BANFF – With the Banff Centre Mountain Film and Book Festival going online this year, it puts a new spin on a timeless event, said organizers.
From Oct. 31 to Nov. 8, the festival’s big-ticket event features adventure and mountain culture films, book readings, panel discussions, speakers, and a virtual marketplace with organizers committing to make the international competition more accessible to its audiences.
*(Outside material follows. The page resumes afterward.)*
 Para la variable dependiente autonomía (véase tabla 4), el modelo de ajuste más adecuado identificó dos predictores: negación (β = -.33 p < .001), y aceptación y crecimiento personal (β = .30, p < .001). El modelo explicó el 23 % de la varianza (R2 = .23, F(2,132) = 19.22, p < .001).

“Our plan is to have as many people from many different backgrounds attending as possible,” said Joanna Croston, festival director at the Banff Centre for Arts and Creativity.
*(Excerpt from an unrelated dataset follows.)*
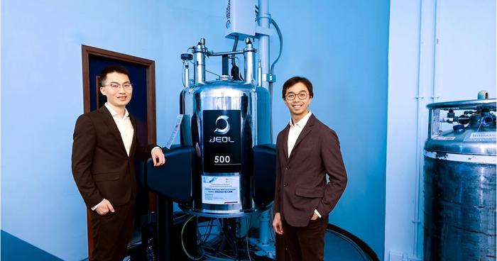 A PolyU research team from the Department of Applied Biology and Chemical Technology has successfully mapped the precise locations of individual and paired aluminium atoms in the zeolite framework. Pictured are Prof. Benedict Lo, Associate Professor (right); and Dr Guangchao Li, Research Assistant Professor (left), alongside the only SSNMR facility in Hong Kong, which is installed at PolyU.

“We’ll potentially reach a bigger global audience than we have before … the accessibility of the festival has never been better and it’s a pretty exciting thing for us.”
In previous years, watching a live event cost around $35. This year, audiences will be able to watch for around $10 to $15. Some select content will also be free to access online. Tickets and access passes go on sale in mid-September.
Croston announced the ski film Lhotse will be featured this year, which is about Americans Jim Morrison and Hilaree Nelson completing the first descent of Lhotse, the fourth-highest mountain in the world in the Himalayas at over 8,500 metres.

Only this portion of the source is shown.